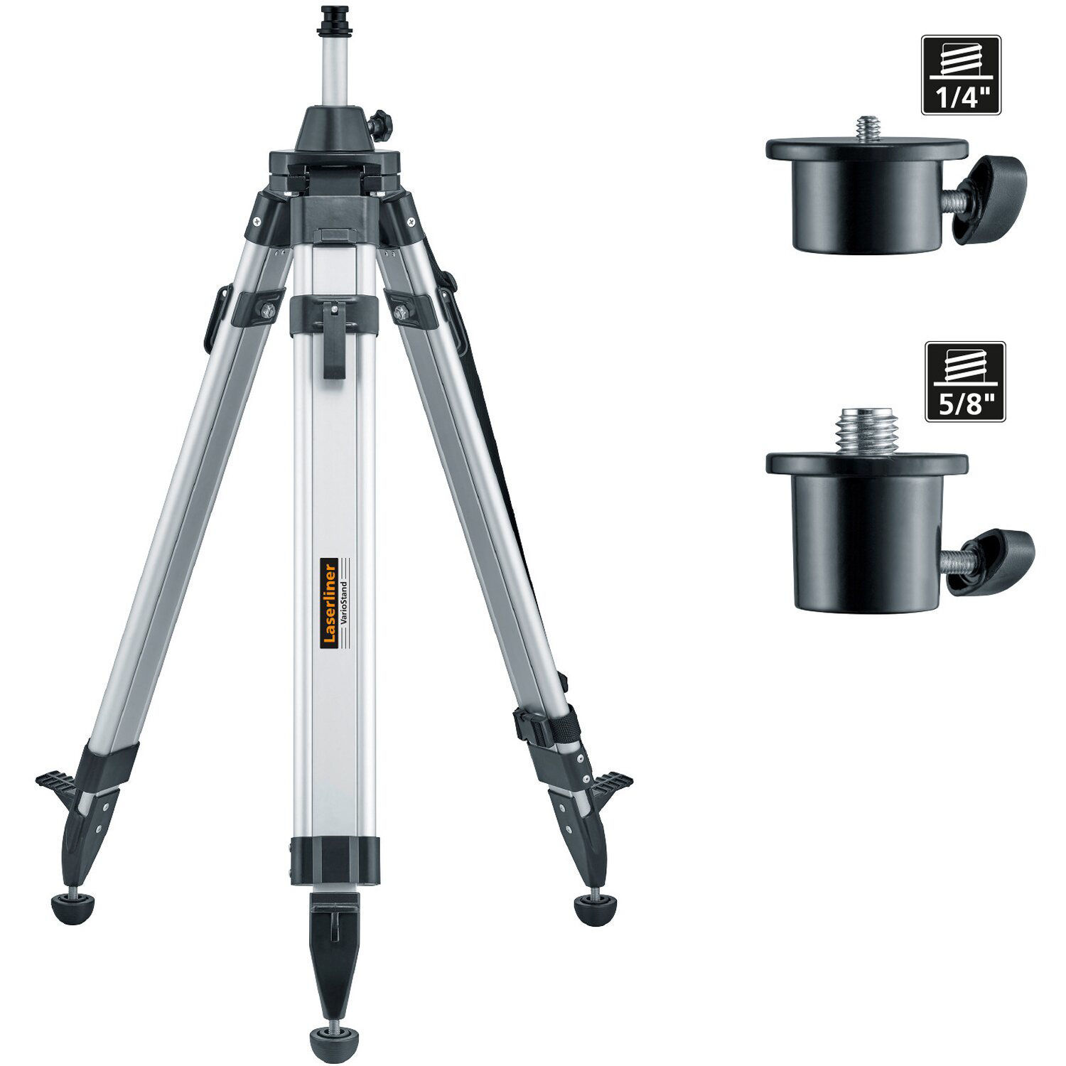 Nøyaktig og pålitelig ved bruk med lasere Enkel tilpasning til underlaget takket være kombinerte gummi- og stålspisser. Høydejustering med sveiv og teleskopiske stativben. Med adapter for montering av enheter med 1/4" og 5/8" gjenger.
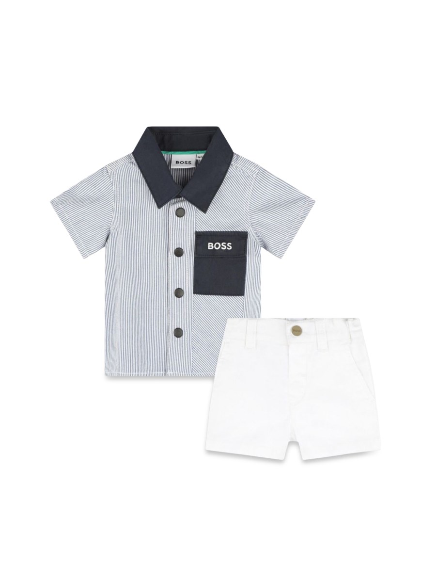 Questa camicia di Boss è un'aggiunta indispensabile al guardaroba del vostro piccolo. Realizzata in tessuto di prima qualità, offre stile e comfort, assicurando che il bambino si senta a proprio agio durante la giornata. Grazie al design classico del colletto, questa camicia aggiunge un tocco di raffinatezza a qualsiasi abbigliamento. È perfetta per le occasioni formali, gli eventi scolastici o anche per una giornata informale.
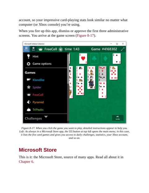 it lists the five card games and gives you access to daily challenges, statistics, your Xbox account,
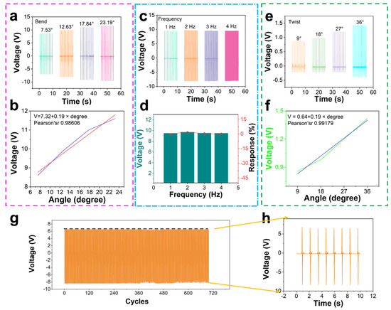 The performance test of PTSS. (a) Outputting voltage of PTSS at different bend angles in 100% RH. (b) The linear relation of angles and voltages. (c,d) Outputting voltage and response of PTSS at different frequencies in 100% RH. (e) Outputting voltage of PTSS at different twist angles in 100% RH. (f) Linear relation of twist angles and voltages. (g) Durability test of PTSS. (h) The detail of durability.
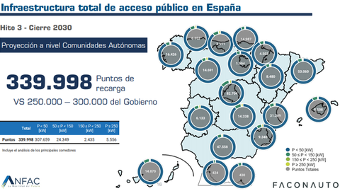 Para cubrir la demanda de recarga del parque electrificado, Asturias cuenta en estos momentos con 224 puntos de abastecimiento públicos, la mayoría concentrados en las grandes ciudades. Con la metodología elaborada por el sector de la automoción, las patronales Anfac (fabricantes) y Faconauto (concesionarios) aseguran que en el 2023 Asturias tendría que tener operativos 1.272 recargadores, que serían 2.041 en el 2025 y 6.352 en el 2030 (año en el que se quieren alcanzar las 340.000 en todo el país). En la actualidad, los puntos de recarga en España son solo 11.517 y el 80% de ellos con la tecnología de recarga más lenta. Es decir, que en apenas una década, Asturias debería incrementar exponencialmente su potencia de recargadores y pasar de los 224 puntos actuales a más de 6.000 y multiplicar la actual cifra por 30.
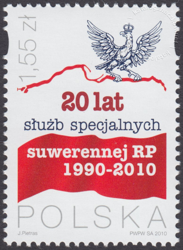 Opis: Orzeł ze znaku Agencji Bezpieczeństwa Wewnętrznego i fragment konturu z barwami RP
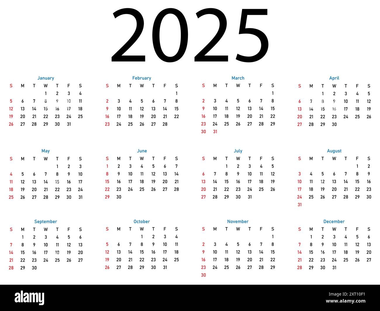 Calendar Template For 2025 Year Week Starts On Sunday Stock Vector Image Art Alamy
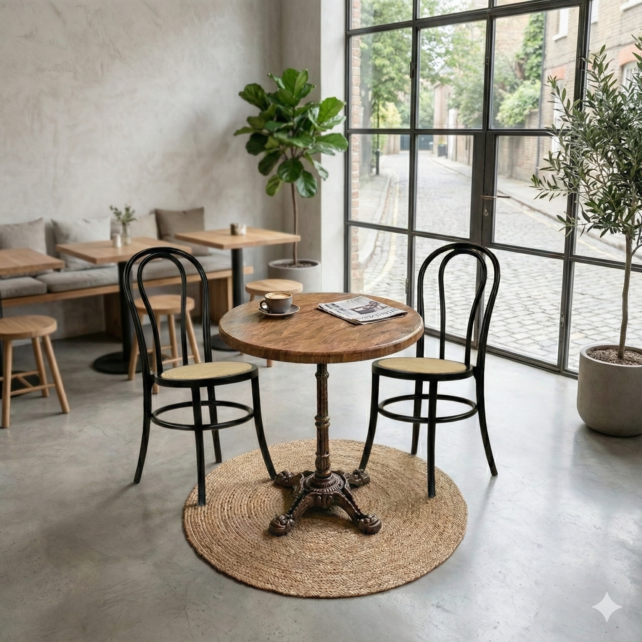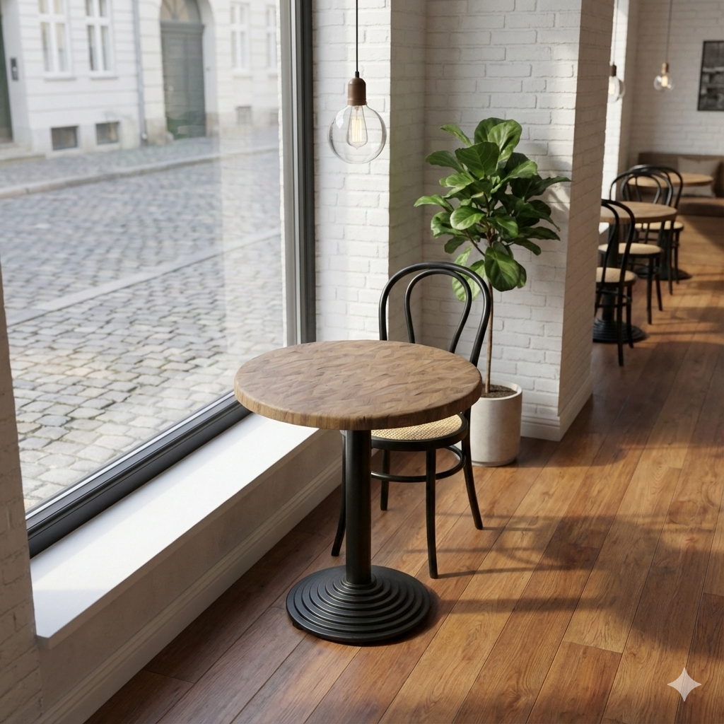 The tabletop is made of heat-pressed laminate and designed for intensive commercial use. The surface combines the aesthetics of parquet with the functional advantages of laminate: high wear resistance, moisture and stain resistance, as well as easy cleaning in daily operations. This makes the tabletop ideal for busy serving environments with high demands for both hygiene and durability.

----------------------------------------

• [YOUR ASSIGNMENT]: Given the entries above, transcribe exactly the lines from the one holding "Para cubrir la" through the one holding "Calendar Template For"; pictures do not belong in the transcription.

• [OUTPUT FOR THIS TASK]:
 Para cubrir la demanda de recarga del parque electrificado, Asturias cuenta en estos momentos con 224 puntos de abastecimiento públicos, la mayoría concentrados en las grandes ciudades. Con la metodología elaborada por el sector de la automoción, las patronales Anfac (fabricantes) y Faconauto (concesionarios) aseguran que en el 2023 Asturias tendría que tener operativos 1.272 recargadores, que serían 2.041 en el 2025 y 6.352 en el 2030 (año en el que se quieren alcanzar las 340.000 en todo el país). En la actualidad, los puntos de recarga en España son solo 11.517 y el 80% de ellos con la tecnología de recarga más lenta. Es decir, que en apenas una década, Asturias debería incrementar exponencialmente su potencia de recargadores y pasar de los 224 puntos actuales a más de 6.000 y multiplicar la actual cifra por 30.
 Opis: Orzeł ze znaku Agencji Bezpieczeństwa Wewnętrznego i fragment konturu z barwami RP
 Calendar Template For 2025 Year Week Starts On Sunday Stock Vector Image Art Alamy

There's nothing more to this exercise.